- EXERCISE DETAILS -
Your output should be the lines below from the one with "圖為昌都市實(shí)驗(yàn)小學(xué)參與拔河比賽熱情高漲" through the one with "- What’s included: Enameled", copied exactly, pictures excluded.

[EXTRACTED DATA Boundary: Start]

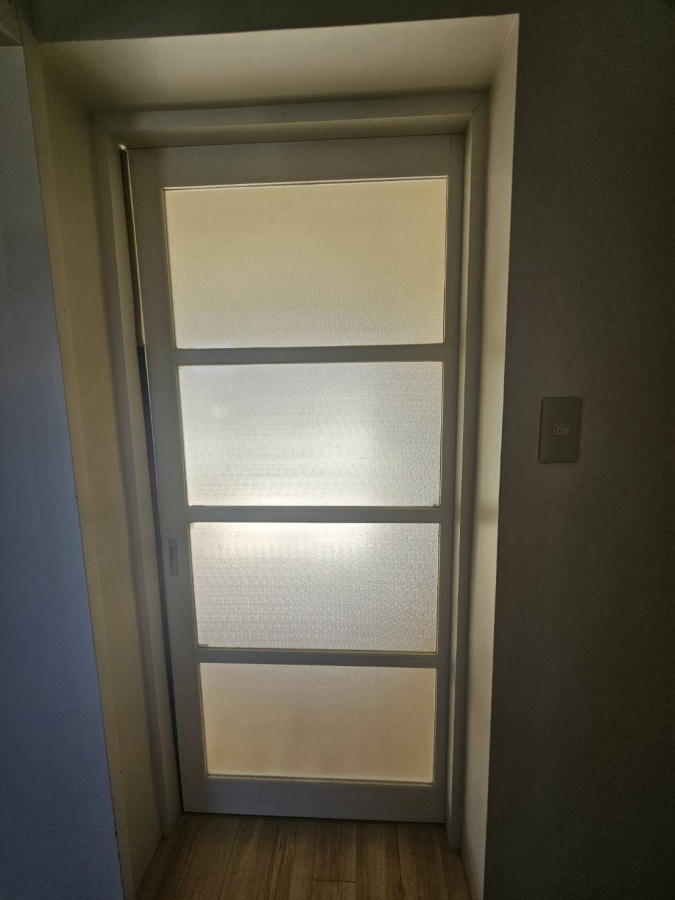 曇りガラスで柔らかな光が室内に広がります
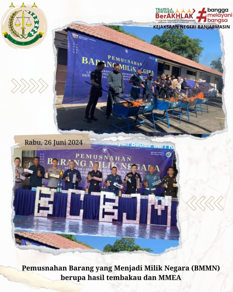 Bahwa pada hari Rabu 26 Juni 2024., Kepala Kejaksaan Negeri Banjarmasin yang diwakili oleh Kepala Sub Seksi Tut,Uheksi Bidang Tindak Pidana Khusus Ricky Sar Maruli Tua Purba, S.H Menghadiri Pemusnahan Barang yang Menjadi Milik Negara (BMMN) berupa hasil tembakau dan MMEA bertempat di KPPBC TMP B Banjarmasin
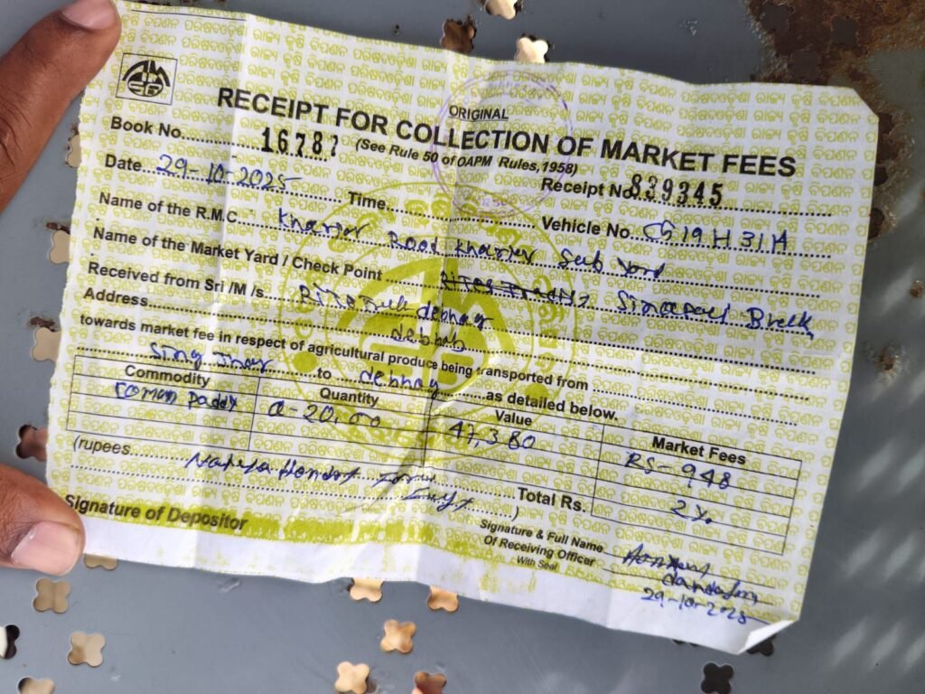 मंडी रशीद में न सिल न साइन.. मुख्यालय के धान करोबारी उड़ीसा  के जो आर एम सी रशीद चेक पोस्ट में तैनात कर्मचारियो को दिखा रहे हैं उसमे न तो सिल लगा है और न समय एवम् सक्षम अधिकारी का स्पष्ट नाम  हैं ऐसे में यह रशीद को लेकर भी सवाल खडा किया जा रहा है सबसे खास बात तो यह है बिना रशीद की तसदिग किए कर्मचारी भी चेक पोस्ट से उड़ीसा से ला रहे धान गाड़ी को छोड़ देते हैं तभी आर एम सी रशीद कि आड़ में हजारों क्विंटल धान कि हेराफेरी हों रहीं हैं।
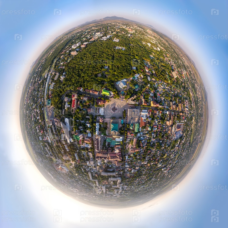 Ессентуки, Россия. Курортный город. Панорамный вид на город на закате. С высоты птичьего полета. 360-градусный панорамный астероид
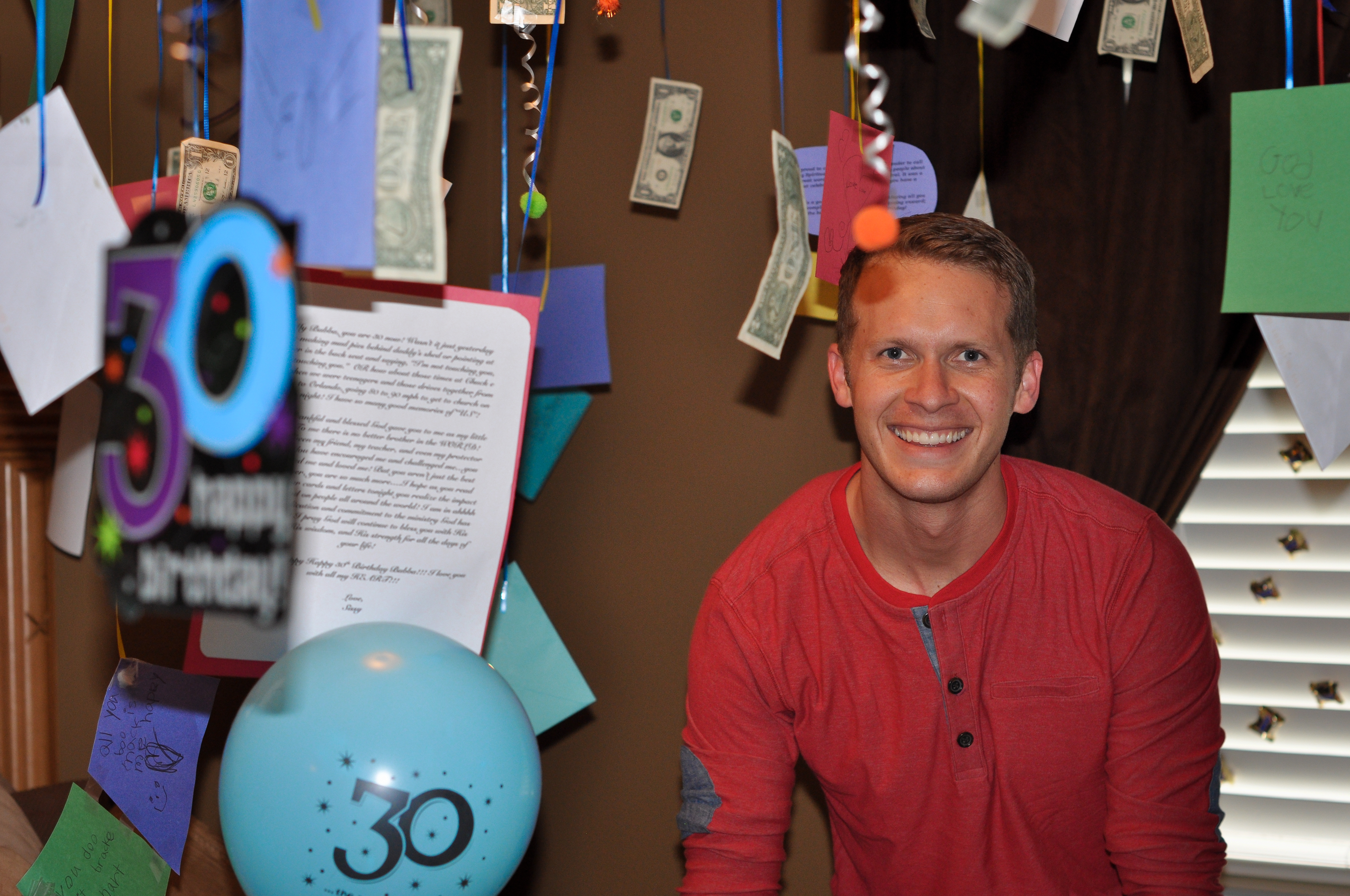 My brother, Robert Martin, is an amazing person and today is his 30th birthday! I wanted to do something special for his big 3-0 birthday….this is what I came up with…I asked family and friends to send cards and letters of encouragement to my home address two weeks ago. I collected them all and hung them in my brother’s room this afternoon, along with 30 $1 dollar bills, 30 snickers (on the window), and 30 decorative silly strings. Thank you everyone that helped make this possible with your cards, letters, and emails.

[EXTRACTED DATA Boundary: End]
[EXTRACTED DATA Boundary: Start]

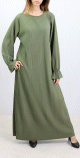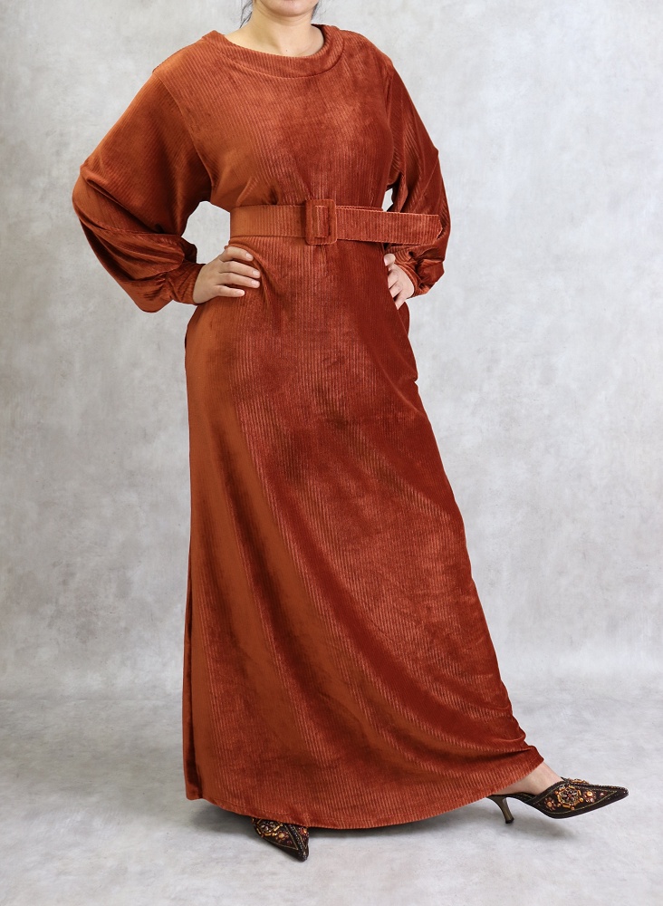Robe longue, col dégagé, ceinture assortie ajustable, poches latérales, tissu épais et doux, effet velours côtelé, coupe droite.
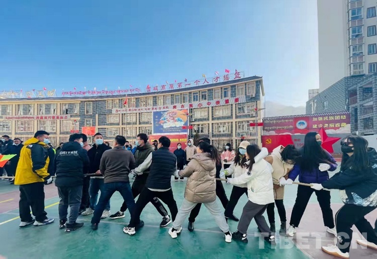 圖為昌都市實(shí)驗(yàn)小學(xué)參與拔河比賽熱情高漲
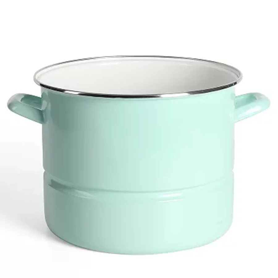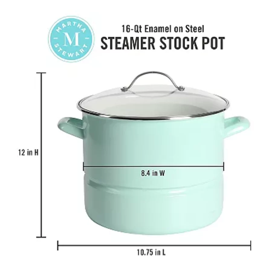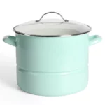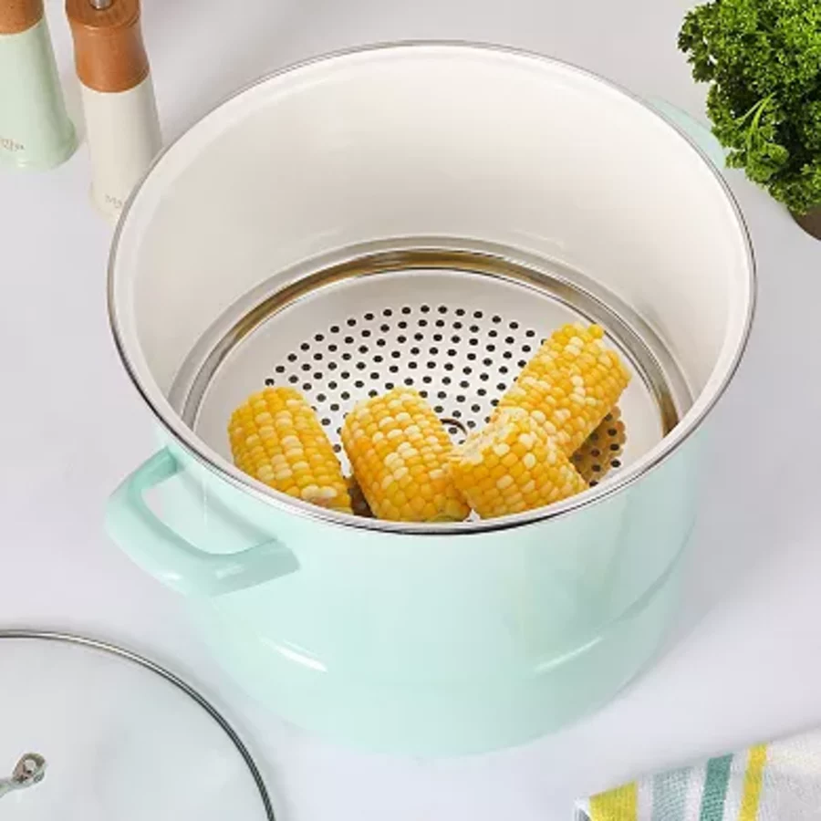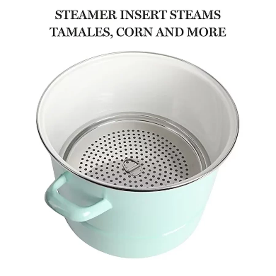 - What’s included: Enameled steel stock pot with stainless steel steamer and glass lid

[EXTRACTED DATA Boundary: End]

- RESULT FOR THIS TASK -
 圖為昌都市實(shí)驗(yàn)小學(xué)參與拔河比賽熱情高漲
 - What’s included: Enameled steel stock pot with stainless steel steamer and glass lid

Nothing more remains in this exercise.